Now, thanks to the participation of a ragtag Russian women’s rink at the 2002 Olympics in Salt Lake City, Utah, curling is hot in Moscow and other places where they apparently have not yet heard of television.

Is this a good idea? In a country battling national alcoholism, should we really introduce a sport where all the excitement, and by far the best shots, takes place at the bar?

The Russians have put their own imprint on the game of curling. Much like ice dancing, all scores at Russian bonspiels will also be fixed. Of course, for a population who spent the better parts of their lives standing in lines only to find nothing left when they got to the front - curling at least does not disappoint.
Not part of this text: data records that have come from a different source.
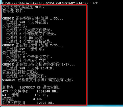 PS:若用戶需要找回的簇,磁盤正被使用時(shí),是不能執(zhí)行上述操作的,在出現(xiàn)的提示信息后輸入“Y”強(qiáng)制卸除該卷,并按回車鍵,此時(shí)將會(huì)自動(dòng)開(kāi)始校驗(yàn)文件和文件夾,校驗(yàn)完成后,便可查看相關(guān)結(jié)果了。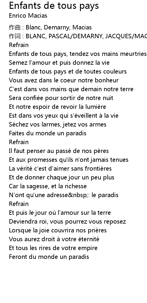 | 作词 : BLANC, PASCAL/DEMARNY, JACQUES/MACIAS, ENRICO | |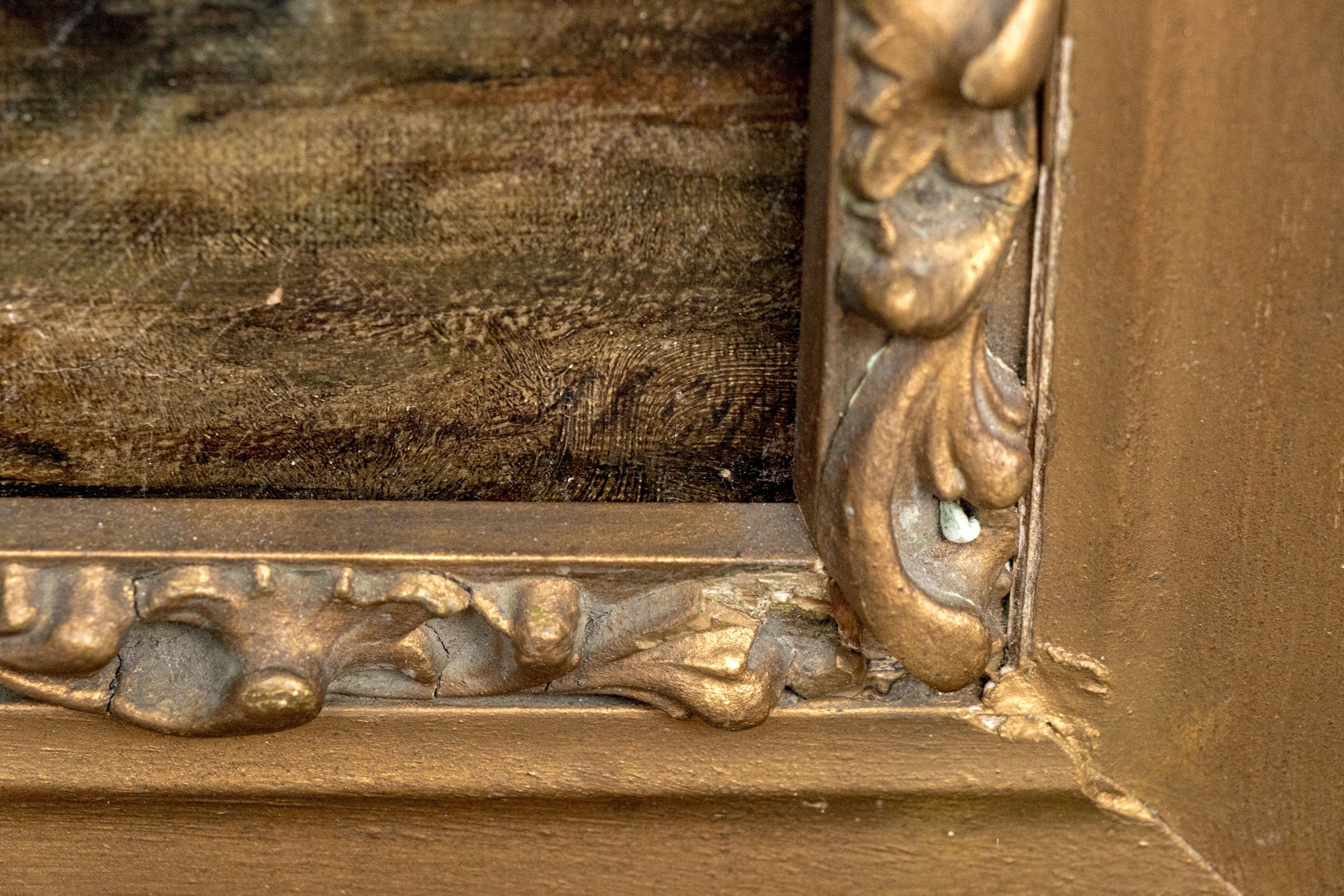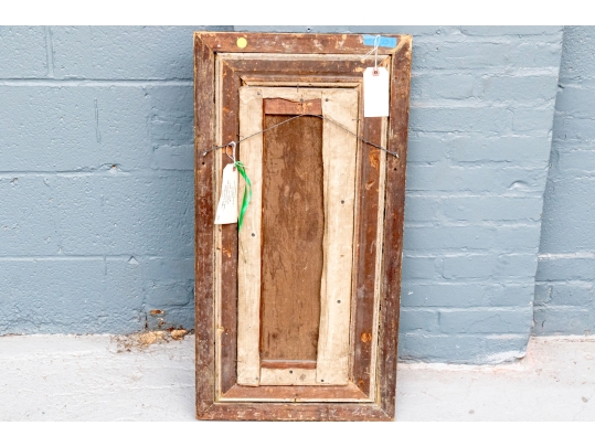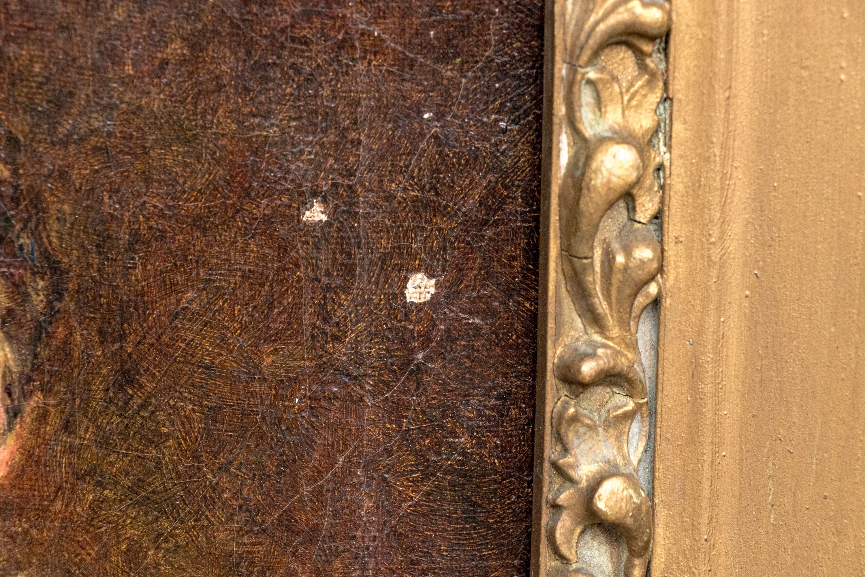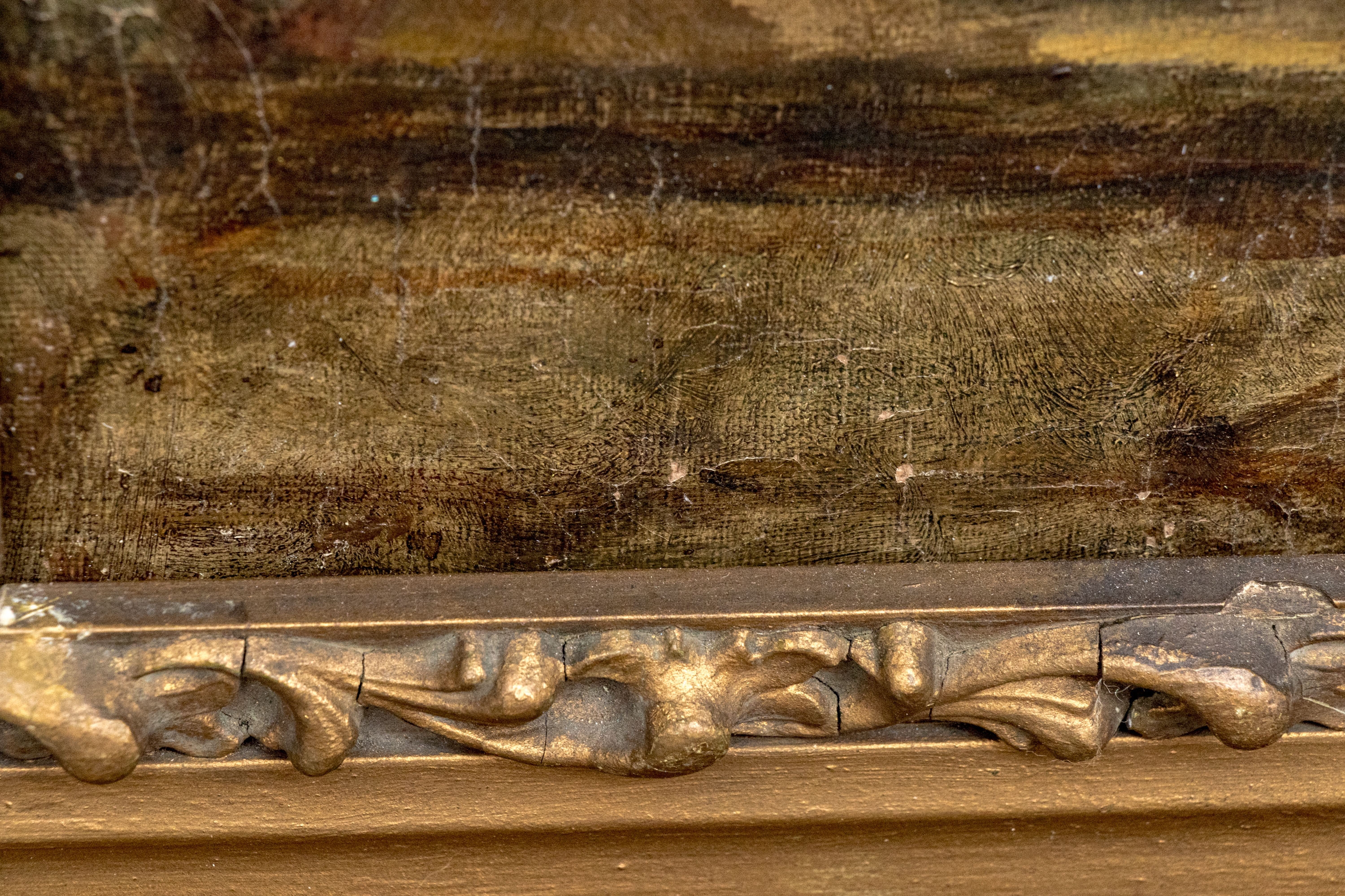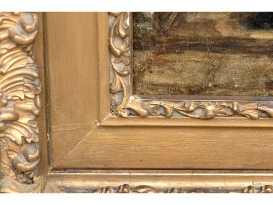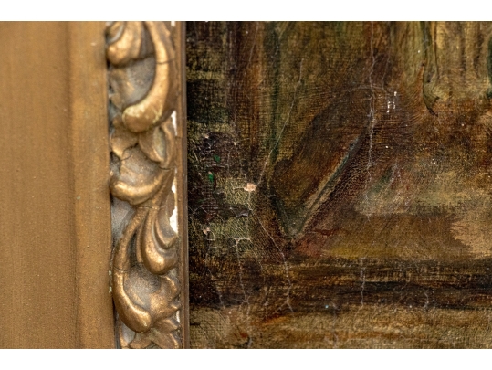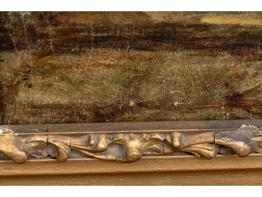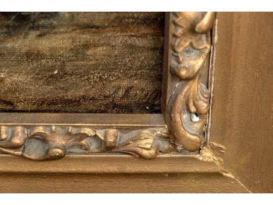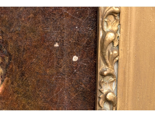 Condition: Please review the detail photos. There is stable cracquelure and spot losses upper right and upper center, with several gilt and wood losses to the frame however the presentation remains very fine.

The Ice Planet, Moscow’s first curling rink, is part disco, part cocktail lounge, part curling rink. The game is being sold to neophyte curlers as “hip, stylish and fashionable.” Fashionable? No, sorry. I once went to a game of curling in Thunder Bay and a bout of butt cleavage broke out among four guys who were not even plumbers. Curling is not a fashion statement. In fact, No Snore Nose Strips can, in many cases, control the statement made by curling. When the first Olympic curler tests positive for drugs, trust me, it’ll be caffeine.

A report in the *Moscow Times*, described curling as “two teams whose members use a long brush to push a 19-kilogram stone toward a series of concentric circles, while members of the opposing team use their brushes to keep the stone away from the goal.” Beautiful! Group goaltending.

This is not only an inaccurate description of the game, it’s wishful thinking for the evolution of curling as a real sport.

I’ve always said the guys standing around leaning on their brooms should attack the guy throwing the rock until they beat it out of his hand. They could then pass the stone off to a speedy winger breaking down the sheet beside them, which is being used by the ladies from the local senior’s home. I realize this could, in many circumstances, cause action! But that’s the risk when we wake people up out of a coma on a slippery patch of ice. Mayhem, tripping, boarding, high brooming, kilt hiking, tam twirling, skip to the loo plus a five minute major for fighting - this is the future of curling, a blood sport the whole family can enjoy.

Think of it - Tonya Harding as the enforcer skip, knee capping all eight finalists in the Brier with her trademark iron shafted broom.

There are now 1,000 regular curlers in Russia and the reason seems to be, according to the organizers, that their winters are so long. Let me say, no winter, not even one that exclusively involves penguins, polar bears and a magnetic pole is long enough to justify curling. Honestly, I’d sooner ice fish with no bait.